The overall prediction accuracy was tested by using the network models saved at 10,000, 20,000, and 50,000 network iterations, respectively. When the number of iterations was 10,000, the prediction accuracy was 92.0%, and when the number of iterations was 20,000, the prediction accuracy was 93.6%. When the number of times is 50,000, the prediction accuracy is 94.4%. Instead of using a fixed 3 × 3 kernel size, we use different sized kernels to smooth out predictions. The new network structure does not need to be retrained; it only needs to use different scale network models to make predictions and finally fuse all the available data.
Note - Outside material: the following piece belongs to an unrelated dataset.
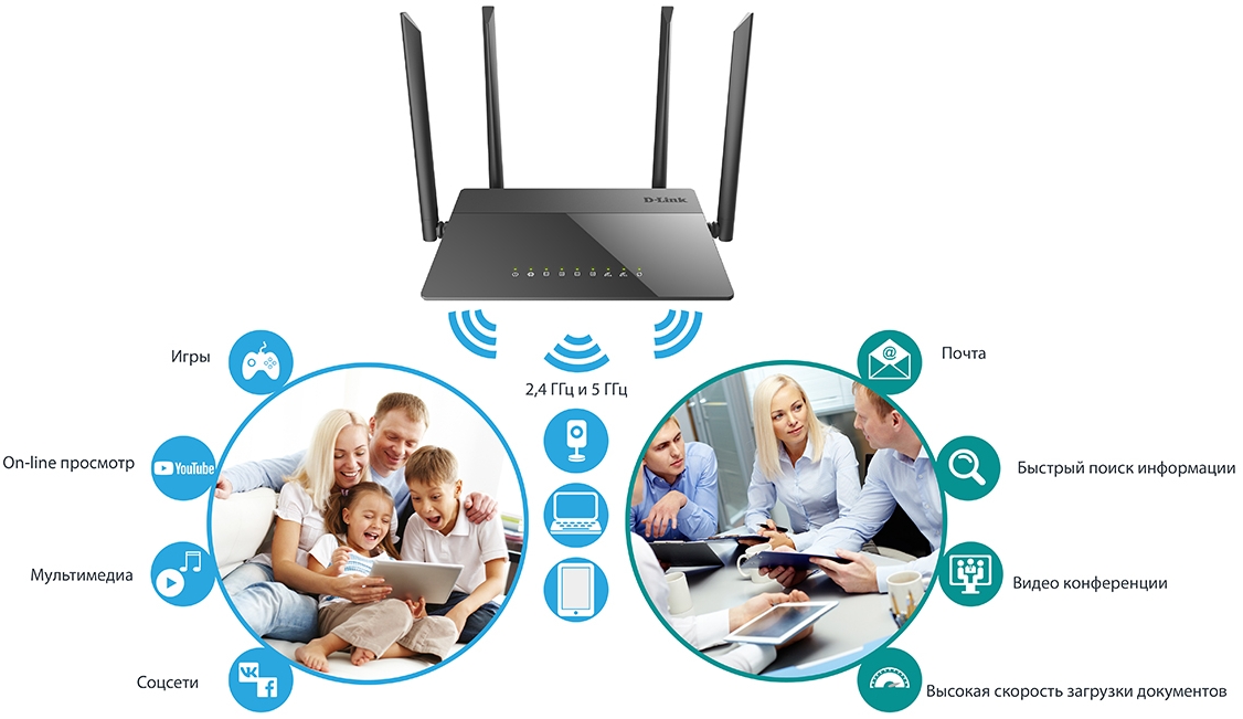 Используя беспроводной маршрутизатор DIR-841, Вы сможете быстро организовать высокоскоростную беспроводную сеть дома и в офисе, предоставив доступ к сети Интернет компьютерам и мобильным устройствам практически в любой точке (в зоне действия беспроводной сети). Одновременная работа в диапазонах 2,4 ГГц и 5 ГГц позволяет использовать беспроводную сеть для широкого круга задач. Маршрутизатор может выполнять функции базовой станции для подключения к беспроводной сети устройств, работающих по стандартам 802.11a, 802.11b, 802.11g, 802.11n и 802.11ac (со скоростью беспроводного соединения до 1167 Мбит/с)1.

The test Faster R-CNN achieves 70% accuracy on VOC2007. In Faster R–CNN, the I-Rush N (Region Proposal Nerdors) network layer is introduced to replace the previous proposal box selection operation, and the softmax loss is used to regress the position of the proposal box, enabling testing Faster R. The accuracy rate of CNN on VOC2007 reaches 73%, which greatly improves the accuracy.

5. Conclusion

This paper deeply studies the core composition of convolutional network and the principles of each operation, including basic feature extraction network, downsampling, upsampling, transposed convolution, and other operations. In view of the low accuracy of the original segmentation network algorithm in the indoor complex road environment, an improved fully convolutional neural network art index segmentation algorithm is designed. The whole framework is divided into two parts. The shallow features are combined with the deep abstract features, and multiscale art index information is added, which makes the reference information for the final prediction and segmentation of the network more comprehensive. By completing the verification on the experimental scene data set, the convergence speed is improved. In order to better realize indoor scene understanding, a multitask segmentation algorithm based on fully convolutional neural network is proposed, which realizes the segmentation of indoor complex environment. By adding the target detection branch to the improved urban street segmentation algorithm, the task of combining urban street classification, detection, and segmentation is innovatively realized, and the network is further optimized. By improving the network loss function, using deeper feature extraction network and model optimization algorithm to improve the algorithm, and using the transfer learning idea to adjust the training, the results prove good robustness in complex indoor segmentation scenes and, at the same time, improve the average accuracy.

Data Availability

The data used to support the findings of this study are available from the corresponding author upon request.

Conflicts of Interest

The authors declare that they have no known competing financial interests or personal relationships that could have appeared to influence the work reported in this paper.

Acknowledgments

This work was supported by Henan College of Transportation.